Et s’il n’existe pas d’API (!), peut-on tout de même se connecter une autre solution ? Oui si la solution cible le permet, par exemple, il peut être possible de récupérer des fichiers plats sur des serveurs comme le .csv ou le .xml ou même de se connecter directement en base de données. A noter qu’avec des fichiers plats, il est très probable que vous ayez à gérer les erreurs liées à des séparateurs présents au sein de vos données ce qui peut être très chronophage (donc très cher…). Enfin, il convient de faire attention avec ce type d’approche en dehors des API car elle fige les échanges entre applications et engendre généralement des bugs lorsque les évolutions modifient la structure des données ✋.

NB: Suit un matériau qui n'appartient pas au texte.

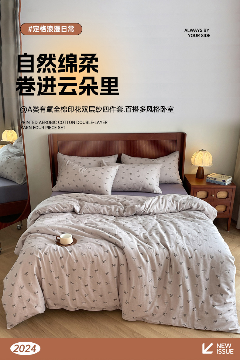 새로운 면 클래스 모성 및 유아 등급 에어로빅 면 더블 레이어 원사 피부 친화적 인 면 인쇄 3 피스 퀼트 커버 4 피스 세트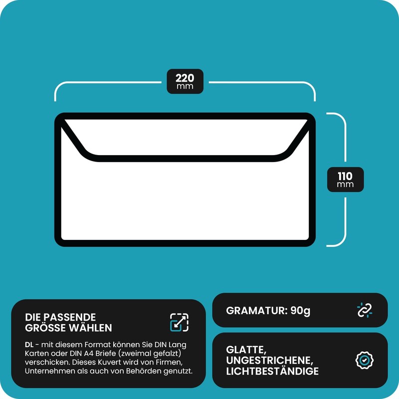 • Choose the right size – depending on whether you need the envelopes for sending cards, letters or flyers, you need to find the right envelope size. DL (110 x 220 mm) - with this format you can send DIN long cards or DIN A4 letters (folded twice). This envelope is used by companies, companies as well as authorities.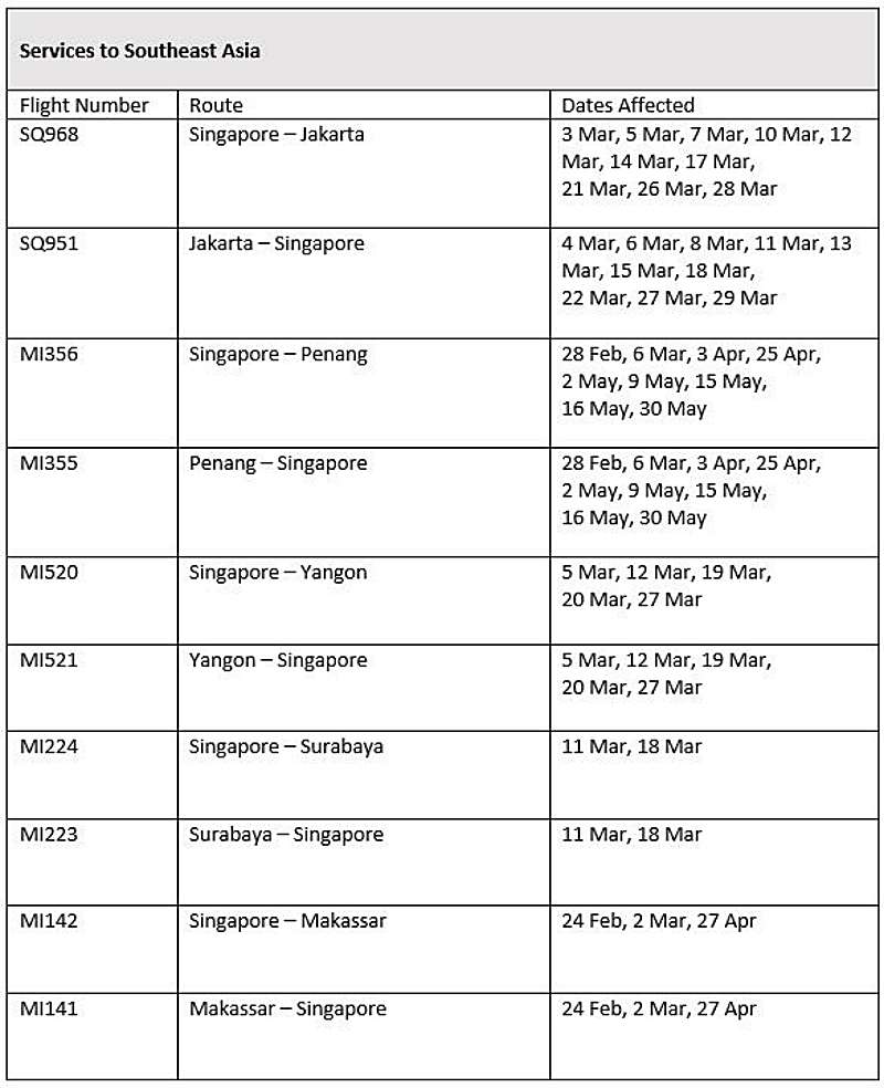 Singapore Airlines and SilkAir will temporarily reduce services across our network due to weak demand as a result of the Covid-19 outbreak. Details of the affected flights can be found in the tables below. We will continue to monitor the situation and make further adjustments as necessary. Affected customers will be notified and re-accommodated onto other flights. If you have booked your tickets through a travel agency, please contact your agent for assistance. If you have booked your tickets directly with Singapore Airlines, please contact the SIA reservations team at (+65) 6223-8888 if you need any assistance.As we are expecting large volumes of calls, we seek your patience and understanding that our customer service agents may take longer than usual to respond to you. Singapore Airlines and SilkAir apologise for the inconvenience caused. First posted on 18 February 2020, 0908hrs (GMT +8)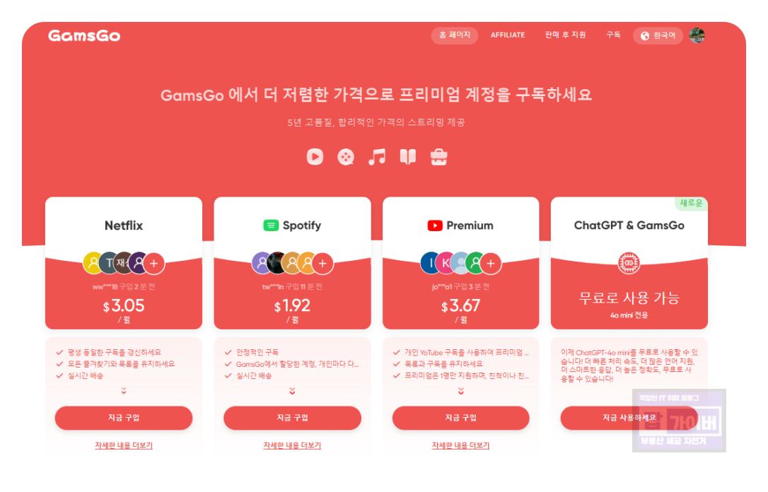 디즈니 플러스, 넷플릭스, 유튜브 프리미엄 할인 겜스고 사기걱정 추천인오늘은 디즈니 플러스, 넷플릭스, 유튜브 프리미엄 등을 저렴하게 구독할 수 있는 플랫폼 겜스고(GamsGo)에 대해 알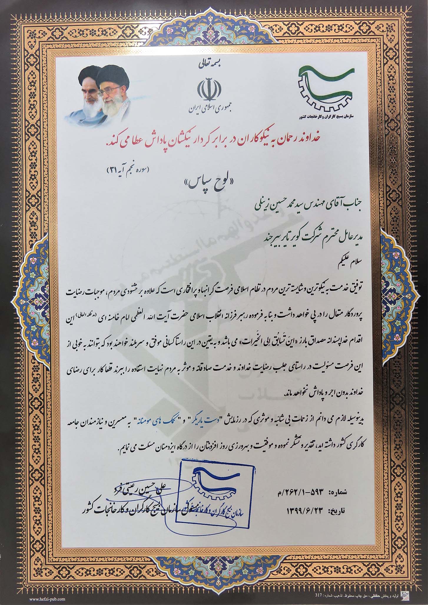 درادامه این تقدیرنامه آمده است لازم می دانم اززحمات بی شائبه وموثری که در رزمایش "دست یاریگر" وکمک های مومنانه " به معسرین و نیازمندان جامعه کارگری کشورداشته اید، تقدیرو تشکرنموده وموفقیت وبهروزی روزافزونتان راازدرگاه ایزدمنان مسالت می نمایم.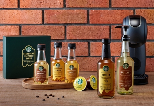 ▲ CJ제일제당[097950]은 스타벅스 코리아와 협업해 바닐라·헤이즐넛·스위트 등 3종의 시럽을 출시했다. 평균 당 함량이 시중 제품 보다 약 30% 낮은 것이 특징으로, 전국 스타벅스 매장에서 판매된다.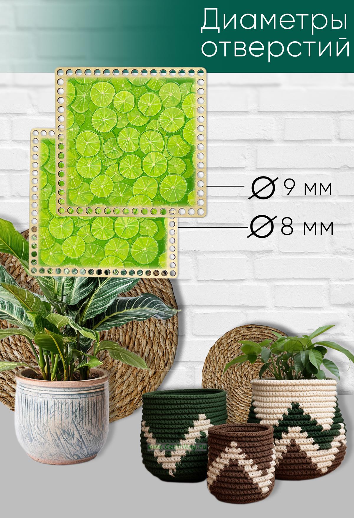 Донышки для вязания, заготовки для рукоделия, дно корзин, 14,8 х 14,8 см, квадрат, лайм (90 руб.)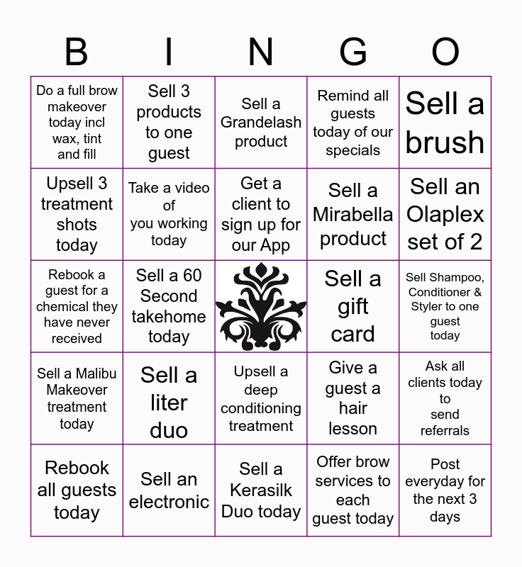 This bingo card has a free space and 24 words: Sell a liter duo, Sell an electronic, Get a client to sign up for our App, Rebook all guests today, Sell a brush, Do a full brow makeover today incl wax, tint and fill, Upsell 3 treatment shots today, Sell 3 products to one guest, Sell a gift card, Upsell a deep conditioning treatment, Sell a Mirabella product, Rebook a guest for a chemical they have never received, Give a guest a hair lesson, Ask all clients today to send referrals, Take a video of you working today, Offer brow services to each guest today, Sell Shampoo, Conditioner & Styler to one guest today, Sell a Grandelash product, Sell an Olaplex set of 2, Sell a 60 Second takehome today, Post everyday for the next 3 days, Sell a Malibu Makeover treatment today, Remind all guests today of our specials and Sell a Kerasilk Duo today.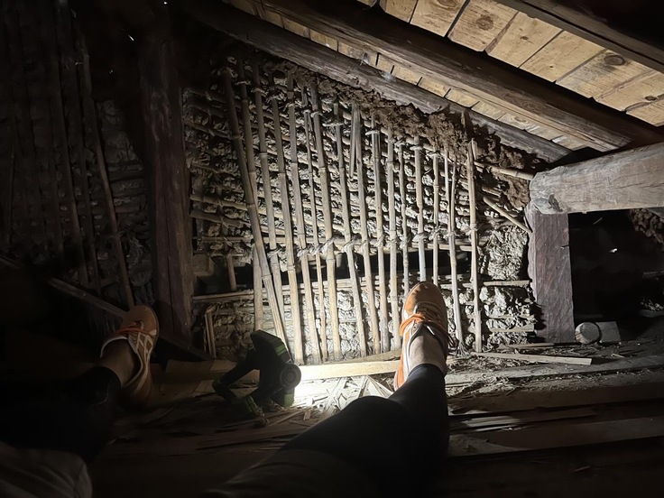 80年経過した杉板は飴色に仕上がりとても強固でそのまま使用したかったのですが土壁の土や屋根裏の住人の排泄物、巣に持ち帰った枝や葉っぱが溜まりどれが土でどれがゴミが分からず掃除出来なかったので剥がしてから新たに立ち上げるようにします。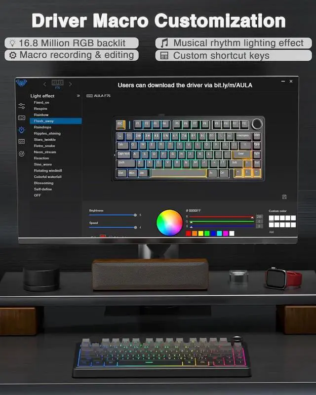 16.8 Million RGB Backlit: F75 Pro light up led keyboard features 16.8 million RGB lighting color. With 16 pre-set lighting effects to add a great atmosphere to the game. And supports 10 cool music rhythm lighting effects with driver. Lighting brightness and speed can be adjusted by the knob or the FN + key combination. You can select the single color effect as wish. And you can turn off the backlight if you do not need it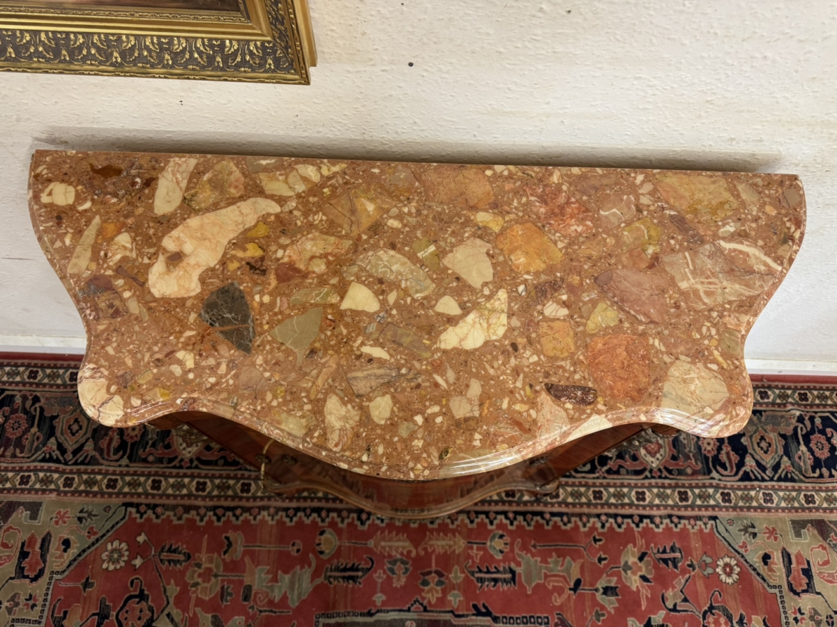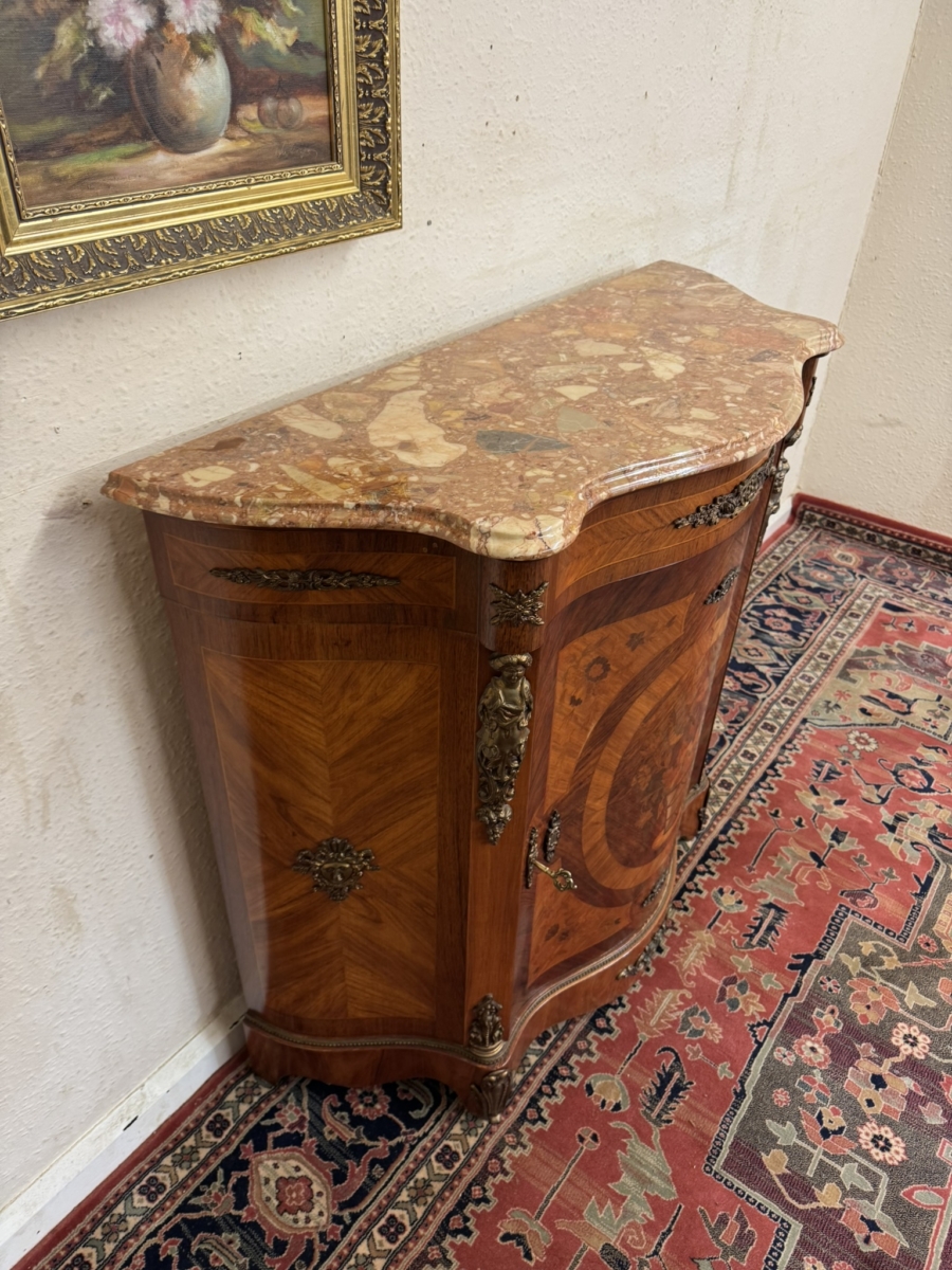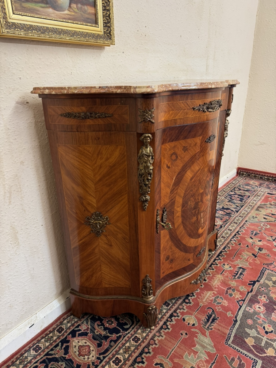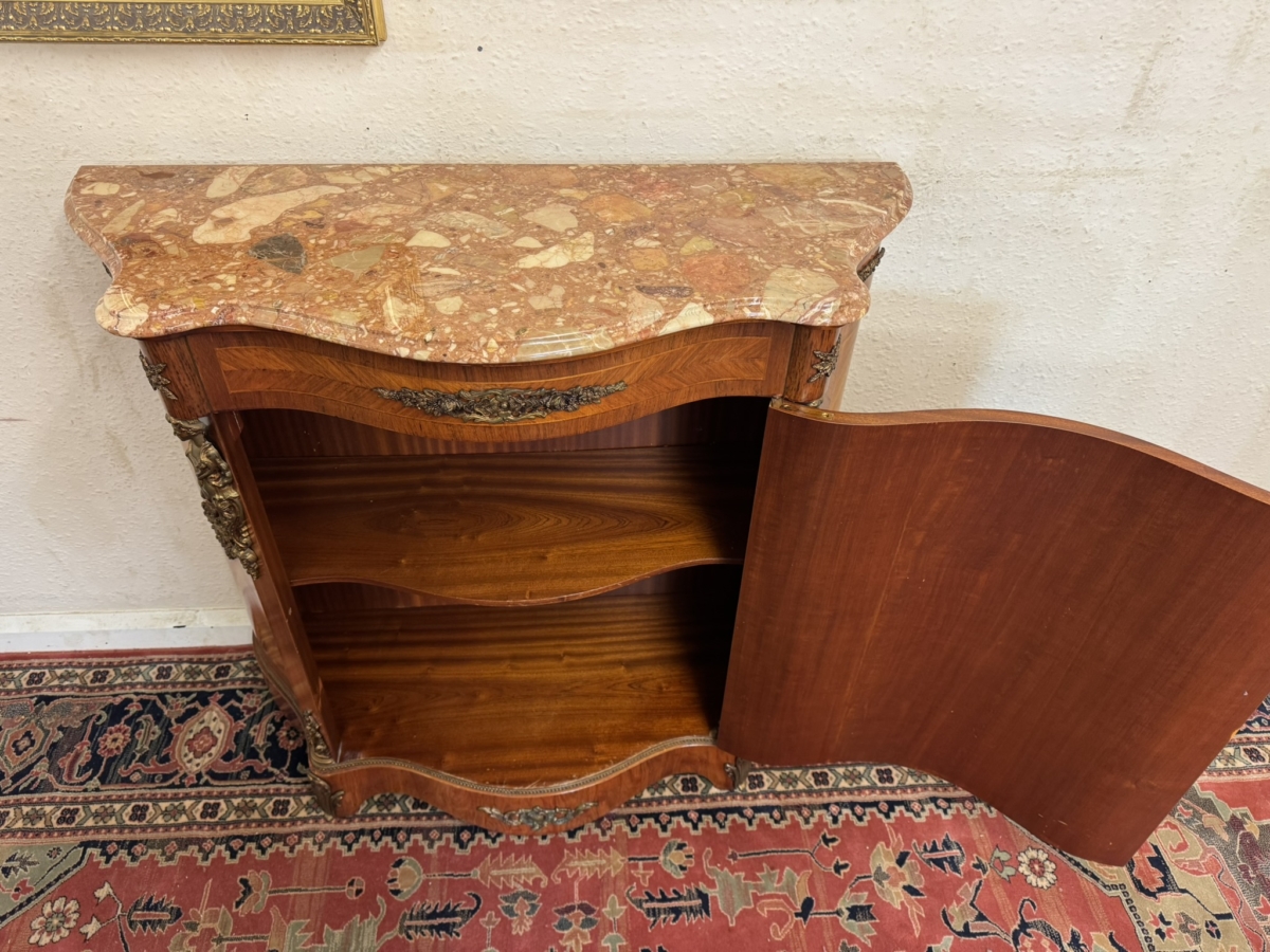 This elegant French cabinet is in excellent condition. The cabinet has a shaped marble top. The king wood base is serpentine shaped and adorned in exquisite marquetry inlay. The lockable door showcases a beautiful floral basket motif with intricate geometric and floral designs. The door opens to reveal a shaped wooden shelf. Ormolu mounts on the corners and edges. A fabulous statement item of French furniture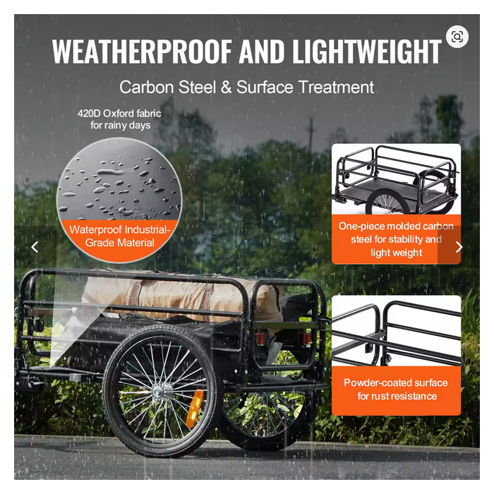 Materijal industrijskog kvaliteta: Izrađena od materijala industrijskog kvaliteta, prikolica za bicikl ima robustan čelični okvir sa površinom obloženom prahom za otpornost na hrđu. Ova konstrukcija osigurava dugotrajnu čistoću i elegantan izgled, a istovremeno obećava strukturnu stabilnost i izdržljivost.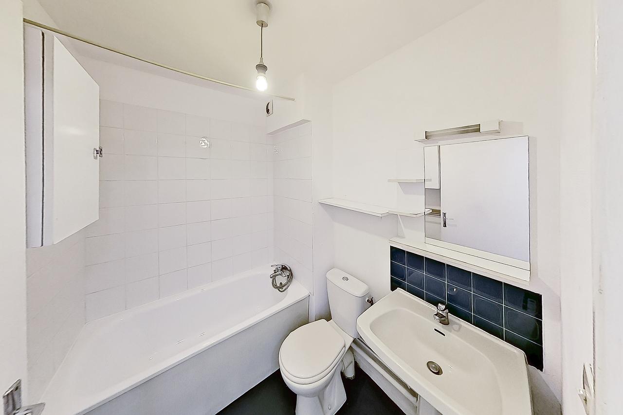 La salle de bain dispose d’une baignoire, d’un meuble vasque avec miroir, d’un WC et d’espaces de rangement.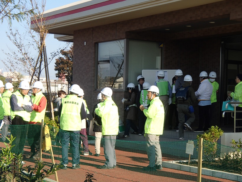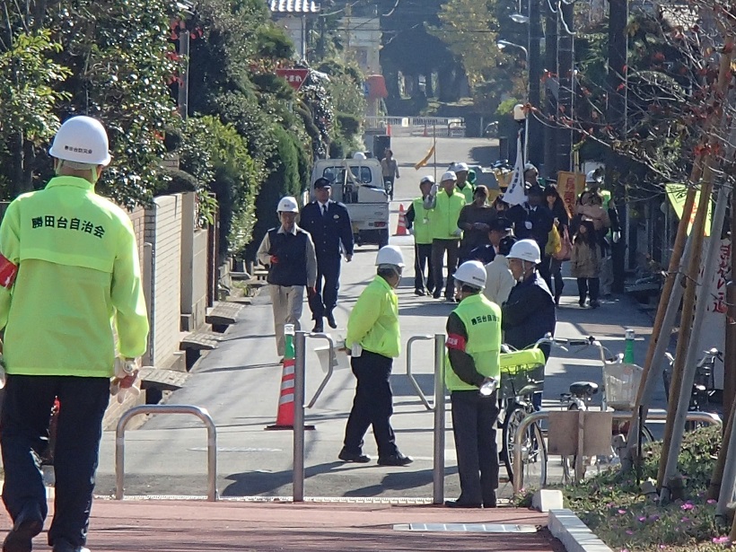 避難誘導訓練は、実際に勝田台中央公園から勝田台南小学校に移動しました。

Et pour le moteur d’API ? Il s’agit d’une application à part entière et il va être important de choisir une technologie qui puisse gérer le traitement des requêtes en parallèle pour favoriser les performances 🚀 du moteur et la gestion « temps réel » dans l’échange des données. Chez Agilap, nous utilisons deux technologies qui répondent à ces critères :

  • Le langage Java qui gère particulièrement bien le « multi-thread » mais qui est relativement complexe (donc relativement onéreux). Nous préconisons cette technologie lorsque le moteur d’API va traiter un très grand nombre de requêtes avec un volume de données très importants car Java est très performant. Il est donc pertinent pour les entreprises qui gèrent une base de données avec des millions de clients (par exemple les banques ou les assurances).
  • Le framework Node.JS qui permet de faire des développements back-end sous le langage JavaScript avec une gestion « multi-thread » en étant plus simple d’utilisation que Java et très performant. C’est d’ailleurs pour cette raison que ce langage a explosé récemment et que vous en avez certainement déjà entendu parler car il a permis en quelque sorte de démocratiser le moteur d’API pour les SI de PME et d’ETI qui ne gèrent pas (encore) des millions d’utilisateurs.

Un MiddleWare est un logiciel tiers qui crée un réseau d’échange d’informations entre différentes applications. Un moteur API est aussi un MiddleWare mais il ne se limite pas au rôle de « passe-plats », il facilite l’évolutivité de votre SI en standardisant les connexions entre solutions qui deviennent modulaires, il peut aussi embarquer des logiques métiers grâce à son aspect modulaire et il optimise les performances de votre SI en gérant le « temps réel ».

L’œil du CEO
 En schématisant, on peut découper le SI en 3 familles de composants (cf article « Et si on jouait aux legos » ):

  • Des applications génériques qui apportent des fonctionnalités de support : encodage d’adresses postales (#BigUp à la BAN), envoi de mail/SMS, fonctions de connexion (FacebookConnect, Google…), cartographie (GoogleMaps, OpenStreetMap, Mapbox). Ces applications tierces sont utilisées telles quelles, sans paramétrage particulier et ne doivent que dans de très très rares cas être développées sur mesure.
  • Des solutions largement paramétrables qui peuvent s’adapter à votre business mais que vous choisissez de ne pas développer vous-mêmes : les CRMs en sont un parfait exemple, un site web avec un CMS Drupal/Wordpress également, un moteur de règles, un outil de BI.
  • Des briques spécifiques à votre business et vos opérations : elles concentrent la spécificité de votre activité et portent le cœur de votre valeur ajoutée. Ces ilôts applicatifs sont généralement développés sur mesure.

Pour interconnecter tout cela, d’une manière pérenne (maintenable et extensible) et en limitant le couplage entre toutes ces solutions, le middleware API fait son apparition. Charge à ce « routeur » de s’adapter à tous les formats d’interconnexion des briques du SI, d’embarquer éventuellement des règles métiers, voire de s’exposer à l’extérieur du SI, si vous-mêmes voulez proposer votre business en SaaS.